Excerpts from a dataset
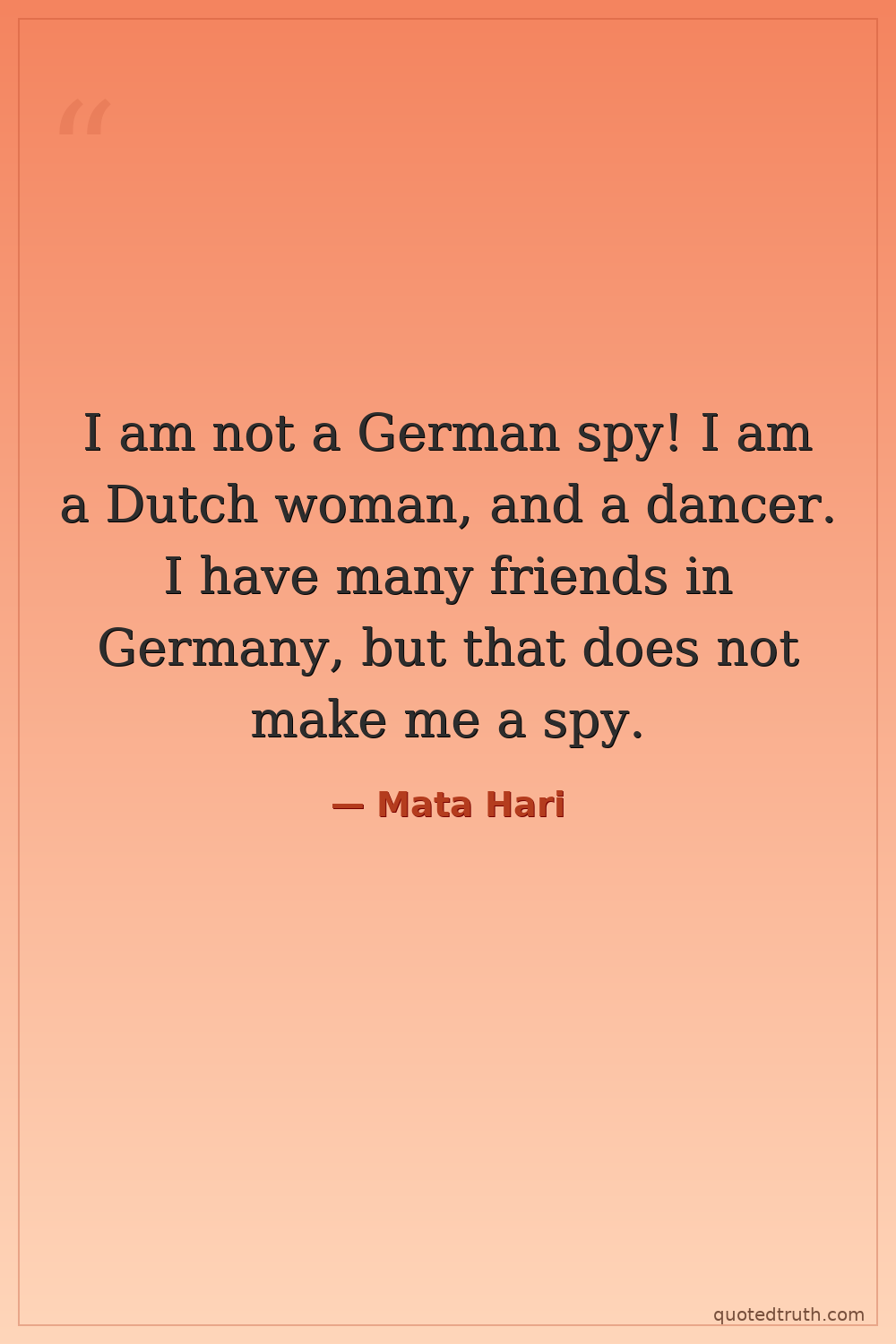 I am not a German spy! I am a Dutch woman, and a dancer. I have many friends in Germany, but that does not make me a spy.
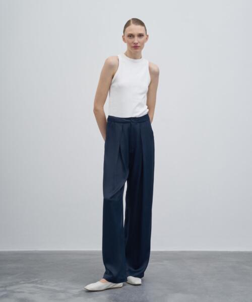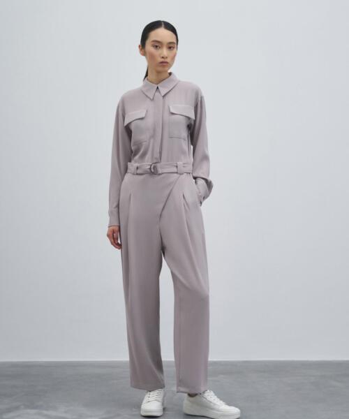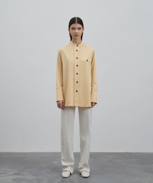 Pleated Vegan Cupro Shirt – Cream Color – 23253
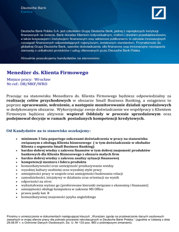 Menedżer ds. Klienta Firmowego Miejsce pracy: Wrocław Nr.ref.: DB/MKF/WRO Pracując na stanowisku Menedżera ds. Klienta Firmowego będziesz odpowiedzialny za realizację celów przychodowych w obszarze Small Business Banking, a osiągniesz to poprzez opracowanie, wdrożenie, a następnie monitorowanie działań sprzedażowych w dedykowanym obszarze. Wykorzystując swoje doświadczenie we współpracy z Klientem Firmowym będziesz aktywnie wspierał Oddziały w procesie sprzedażowym oraz podejmował decyzje w ramach posiadanych kompetencji kredytowych. Od Kandydatów na to stanowisko oczekujemy: minimum 3 lata popartego sukcesami doświadczenia w pracy na stanowisku związanym z obsługą Klienta biznesowego ( w tym doświadczenie w obsłudze Klienta z segmentu Small Business Banking) bardzo dobrej wiedzy z zakresu finansów w tym dobrej znajomość produktów bankowych dla Klienta Biznesowego z obszaru małych firm bardzo dobrej wiedzy z zakresu analizy sytuacji finansowej kompetencji mentora i lidera produktu komunikatywności oraz umiejętność przekazywania wiedzy wysokiej kultury osobistej oraz wysokiej etyki pracy umiejętności pracy w zespole oraz umiejętności budowania relacji samodzielności, inicjatywy w działaniu oraz orientacji na wynik odporności na stres wykształcenia wyższe go (preferowane kierunki związane z ekonomią i finansami) umiejętności obsługi komputera w zakresie MS Office prawa jazdy kat. B komunikatywnej znajomości języka angielskiego Prosimy o umieszczenie w dokumentach następującej klauzuli: „Wyrażam zgodę na przetwarzanie danych osobowych zawartych w mojej ofercie pracy dla potrzeb procesów rekrutacyjnych w Deutsche Bank Polska.” (zgodnie w Ustawą z dnia 29.08.97 r. o Ochronie Danych Osobowych, Dz. U. Nr 133 poz. 883 z późniejszymi zmianami). W zamian proponujemy: zatrudnienie w ramach umowy o pracę, pracę w stabilnej firmie, w jednej z największych instytucji finansowych na świecie, możliwość podnoszenia kwalifikacji zawodowych oraz rozwoju osobistego w ramach struktur Banku, przyjazną atmosferę pracy, atrakcyjny pakiet socjalny (m.in. prywatna opieka medyczna, karta sportowa). Prosimy i przesyłanie zgłoszeń (CV i list motywacyjny) na adres: [email protected] z numerem referencyjnym (DB/MKF/WRO) oferty w tytule wiadomości. Uprzejmie informujemy, że skontaktujemy się tylko z wybranymi Kandydatami, a nadesłanych dokumentów nie zwracamy. Prosimy o umieszczenie w dokumentach następującej klauzuli: „Wyrażam zgodę na przetwarzanie danych osobowych zawartych w mojej ofercie pracy dla potrzeb procesów rekrutacyjnych w Deutsche Bank Polska.” (zgodnie w Ustawą z dnia 29.08.97 r. o Ochronie Danych Osobowych, Dz. U. Nr 133 poz. 883 z późniejszymi zmianami).
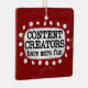 "Criadores de conteúdo se divertem mais" é um design de texto bonito em vermelho com texto preto, junto com forma de sotaque branco e pontos brancos texturizados ao seu redor.
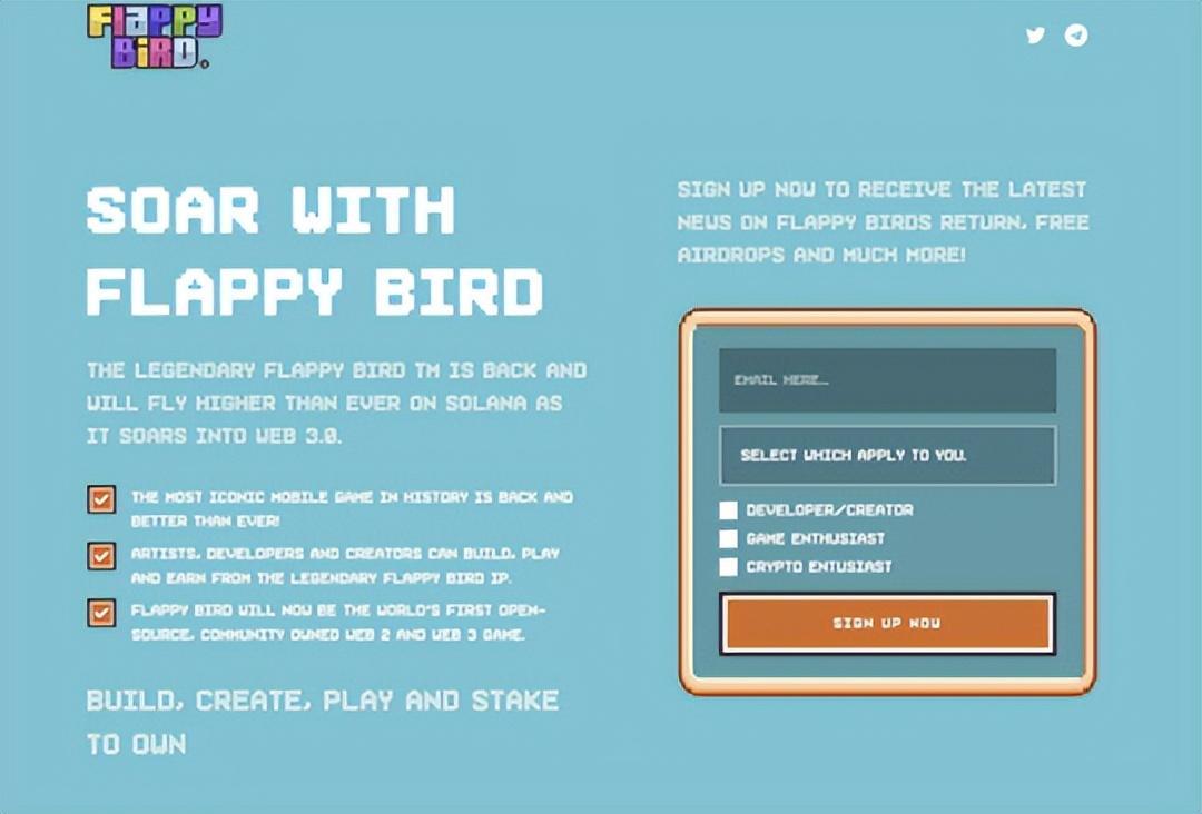 原來該遊戲宣佈復活的消息,並沒有引起很多人的關注,畢竟類似的休閒遊戲市面已經有了一堆,但有人扒出Flappy Bird 網站的隱藏界面,有大量提及 Web 3、加密貨幣的信息。
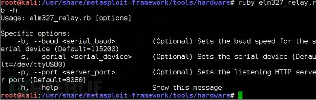 kali >ruby  elm327_relay.rb -s /dev/ttyS0现在,我们已经将Kali Linux配置为与ELM 327设备通信,我们需要创建一个到Metasploit的硬件桥接。Metasploit被构建用于TCP/IP的通信,而我们现在需要它通过串口与汽车原生的CAN协议进行通信
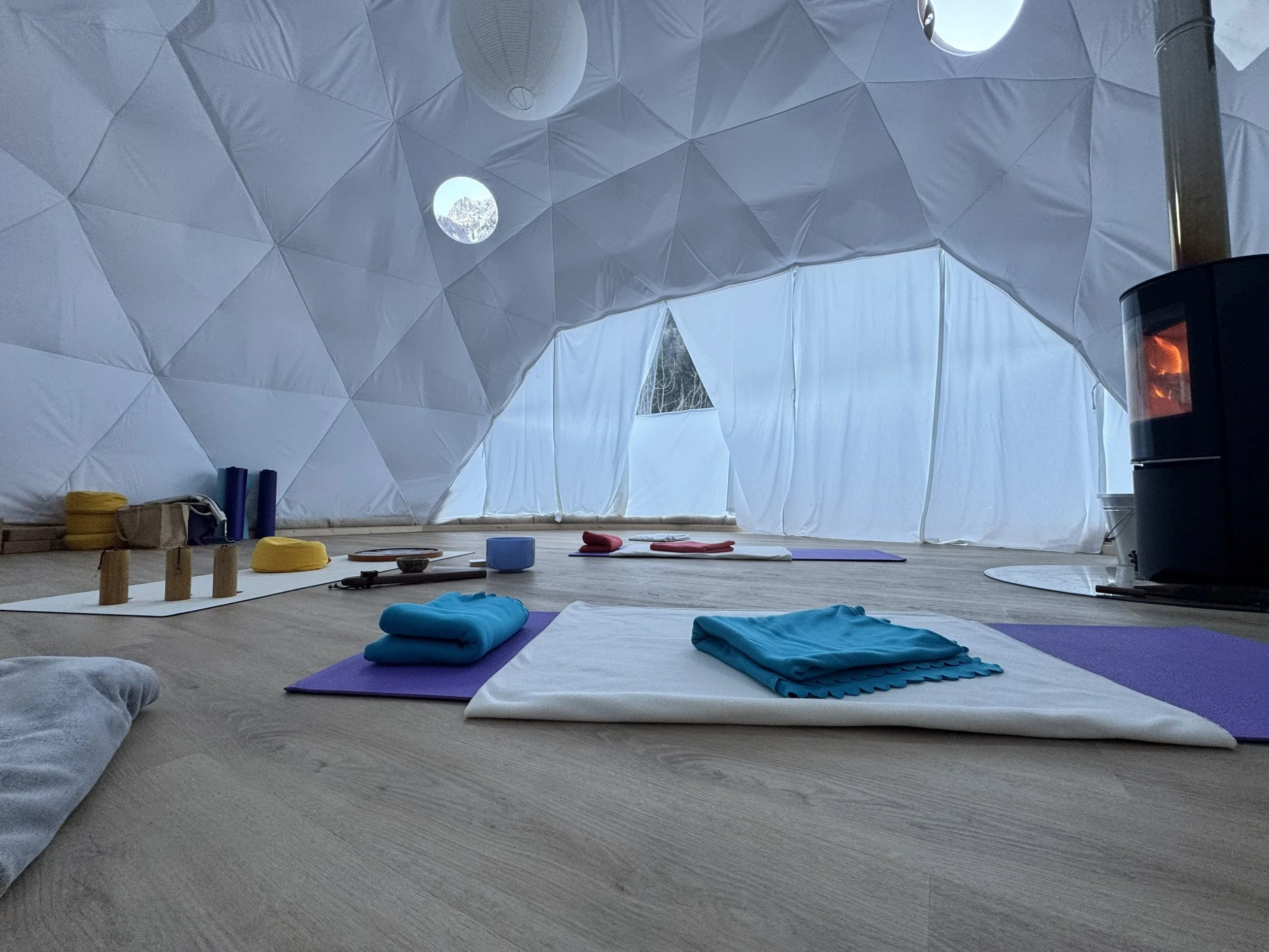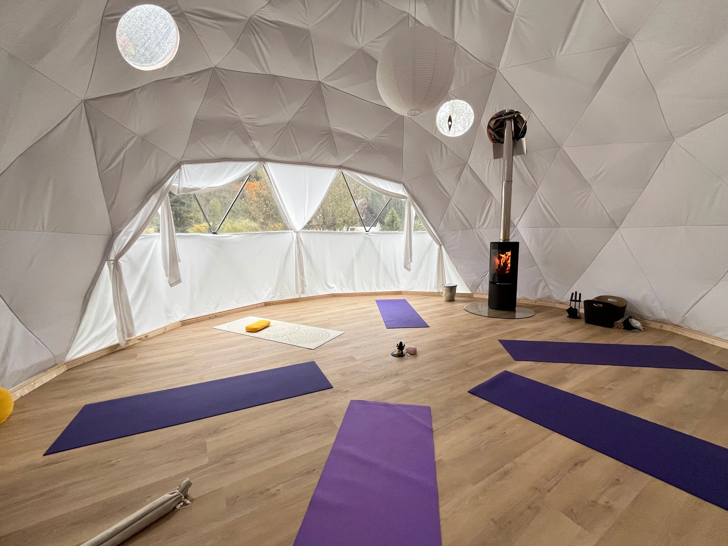 Der Dome ist mit dem üblichen Yogamaterial (Matten, Sitzkissen, Decken, Korkblöcke) ausgestattet und steht dir während der Yogalektion zur Verfügung. Die Reinigung der Yogamatten erfolgt durch die Kursleitung vor der Lektion.
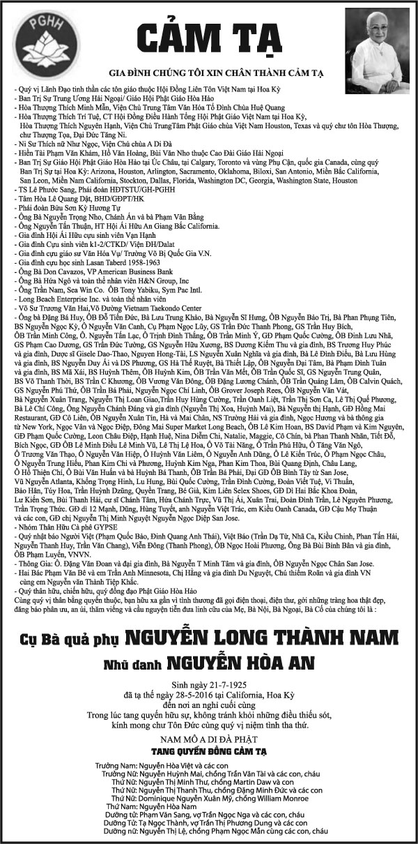 Cụ Bà Quả Phụ Nguyễn Long Thành Nam

- _Work instructions_
Exclude images and repeat all entries exactly.

- _Exercise output_
 I am not a German spy! I am a Dutch woman, and a dancer. I have many friends in Germany, but that does not make me a spy.
 Pleated Vegan Cupro Shirt – Cream Color – 23253
 Menedżer ds. Klienta Firmowego Miejsce pracy: Wrocław Nr.ref.: DB/MKF/WRO Pracując na stanowisku Menedżera ds. Klienta Firmowego będziesz odpowiedzialny za realizację celów przychodowych w obszarze Small Business Banking, a osiągniesz to poprzez opracowanie, wdrożenie, a następnie monitorowanie działań sprzedażowych w dedykowanym obszarze. Wykorzystując swoje doświadczenie we współpracy z Klientem Firmowym będziesz aktywnie wspierał Oddziały w procesie sprzedażowym oraz podejmował decyzje w ramach posiadanych kompetencji kredytowych. Od Kandydatów na to stanowisko oczekujemy: minimum 3 lata popartego sukcesami doświadczenia w pracy na stanowisku związanym z obsługą Klienta biznesowego ( w tym doświadczenie w obsłudze Klienta z segmentu Small Business Banking) bardzo dobrej wiedzy z zakresu finansów w tym dobrej znajomość produktów bankowych dla Klienta Biznesowego z obszaru małych firm bardzo dobrej wiedzy z zakresu analizy sytuacji finansowej kompetencji mentora i lidera produktu komunikatywności oraz umiejętność przekazywania wiedzy wysokiej kultury osobistej oraz wysokiej etyki pracy umiejętności pracy w zespole oraz umiejętności budowania relacji samodzielności, inicjatywy w działaniu oraz orientacji na wynik odporności na stres wykształcenia wyższe go (preferowane kierunki związane z ekonomią i finansami) umiejętności obsługi komputera w zakresie MS Office prawa jazdy kat. B komunikatywnej znajomości języka angielskiego Prosimy o umieszczenie w dokumentach następującej klauzuli: „Wyrażam zgodę na przetwarzanie danych osobowych zawartych w mojej ofercie pracy dla potrzeb procesów rekrutacyjnych w Deutsche Bank Polska.” (zgodnie w Ustawą z dnia 29.08.97 r. o Ochronie Danych Osobowych, Dz. U. Nr 133 poz. 883 z późniejszymi zmianami). W zamian proponujemy: zatrudnienie w ramach umowy o pracę, pracę w stabilnej firmie, w jednej z największych instytucji finansowych na świecie, możliwość podnoszenia kwalifikacji zawodowych oraz rozwoju osobistego w ramach struktur Banku, przyjazną atmosferę pracy, atrakcyjny pakiet socjalny (m.in. prywatna opieka medyczna, karta sportowa). Prosimy i przesyłanie zgłoszeń (CV i list motywacyjny) na adres: [email protected] z numerem referencyjnym (DB/MKF/WRO) oferty w tytule wiadomości. Uprzejmie informujemy, że skontaktujemy się tylko z wybranymi Kandydatami, a nadesłanych dokumentów nie zwracamy. Prosimy o umieszczenie w dokumentach następującej klauzuli: „Wyrażam zgodę na przetwarzanie danych osobowych zawartych w mojej ofercie pracy dla potrzeb procesów rekrutacyjnych w Deutsche Bank Polska.” (zgodnie w Ustawą z dnia 29.08.97 r. o Ochronie Danych Osobowych, Dz. U. Nr 133 poz. 883 z późniejszymi zmianami).
 "Criadores de conteúdo se divertem mais" é um design de texto bonito em vermelho com texto preto, junto com forma de sotaque branco e pontos brancos texturizados ao seu redor.
 原來該遊戲宣佈復活的消息,並沒有引起很多人的關注,畢竟類似的休閒遊戲市面已經有了一堆,但有人扒出Flappy Bird 網站的隱藏界面,有大量提及 Web 3、加密貨幣的信息。
 kali >ruby  elm327_relay.rb -s /dev/ttyS0现在,我们已经将Kali Linux配置为与ELM 327设备通信,我们需要创建一个到Metasploit的硬件桥接。Metasploit被构建用于TCP/IP的通信,而我们现在需要它通过串口与汽车原生的CAN协议进行通信
 Der Dome ist mit dem üblichen Yogamaterial (Matten, Sitzkissen, Decken, Korkblöcke) ausgestattet und steht dir während der Yogalektion zur Verfügung. Die Reinigung der Yogamatten erfolgt durch die Kursleitung vor der Lektion.
 Cụ Bà Quả Phụ Nguyễn Long Thành Nam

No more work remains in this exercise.